I make it just in time. I am tired but feeling accomplished.
“God, grant me the serenity to accept the things I cannot change, Courage to change the things I can, And wisdom to know the difference.” -R. Niebuhr
The day has grown late, and I am awfully tired. I need to sleep. Last night ended early this morning as I finished weaving in the ends for what is my first sweater.
It’s made from acrylic tweed bought in various Daisos (100￥ shop). I had been collecting the yarn (22 skeins) to make a yoga mat for a friend, but it wasn’t the right material for her in the end.
Acrylic yarn is very harmful to the environment, even if it is inexpensive. I make no excuses for having bought it. Still, given that I had already done that, I decided that I would find some use for it.
Thus, I began making a large rectangle, and then another. I steamed blocked them and crocheted them together. I picked up stitches around the armholes to make sleeves. And then decided the sweater would be for me.
Without blocking it again, I put it on this morning. And I felt happy.
Yes, it’s acrylic. I cannot change that. It was the yarn I could afford then. What I could do, and have done, is make something from it.
And so…I made a sweater that is cozy, warm, and filled with my creative energy. The thing is, I see making this sweater as a bit like moments in life.
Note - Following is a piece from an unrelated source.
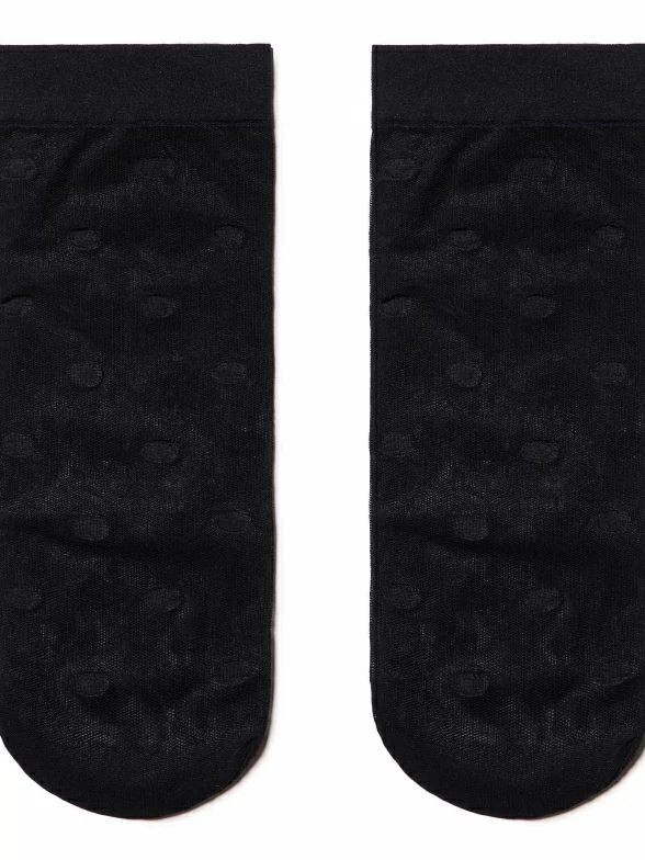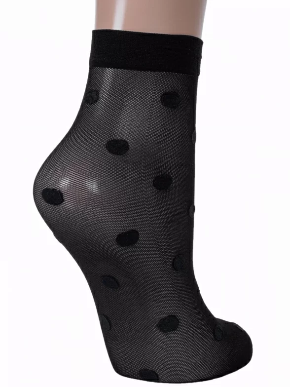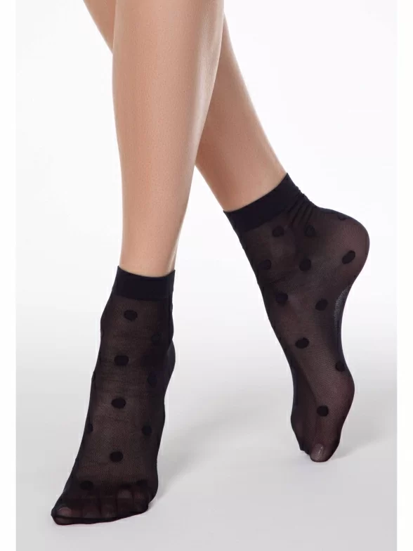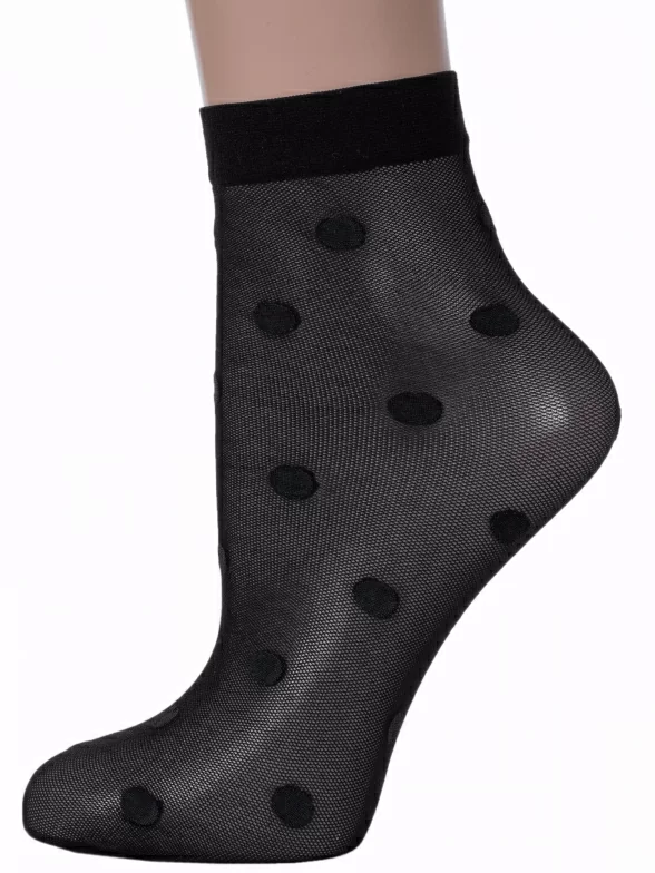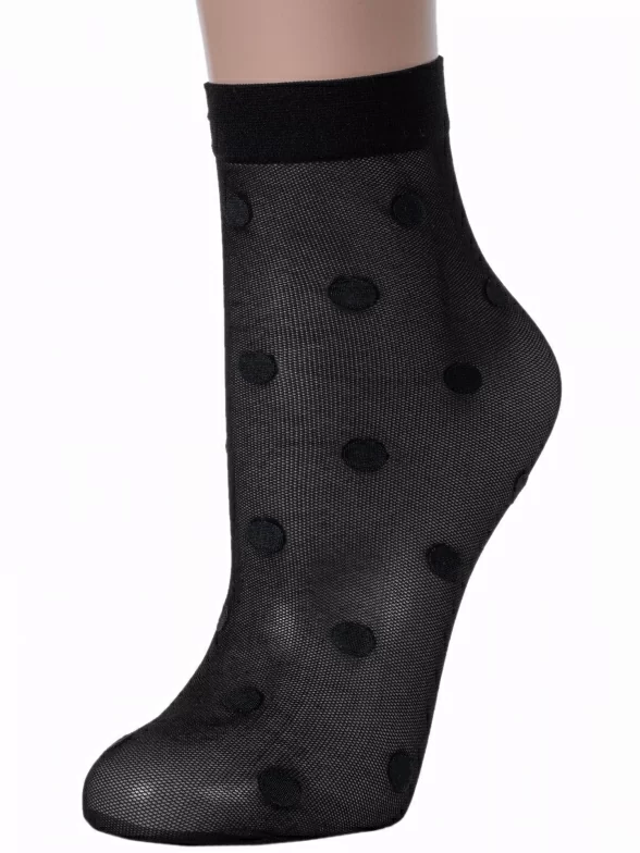 Женские носки украшены принтом в крупный горох. Модель от белорусского производителя Conte сделана из полиамида и эластана.

Sometimes we make the wrong decisions because it’s best that we can do (or know to do) in a situation. Unfortunately, we usually can’t undo those decisions.
My sweater, sleeves and edging
However, we can choose to take ownership of the results of our decisions. We can choose to work with or through the consequences.
We can allow ourselves to be positively transformed through learning how to deal with the things we cannot change.
So, now I have made a sweater that’s like me: imperfect and unique. We both have problematic pasts that we cannot change. However, we are exactly as we are meant to be.
Thanks to my sweater for the life reminder. And thank you for reading.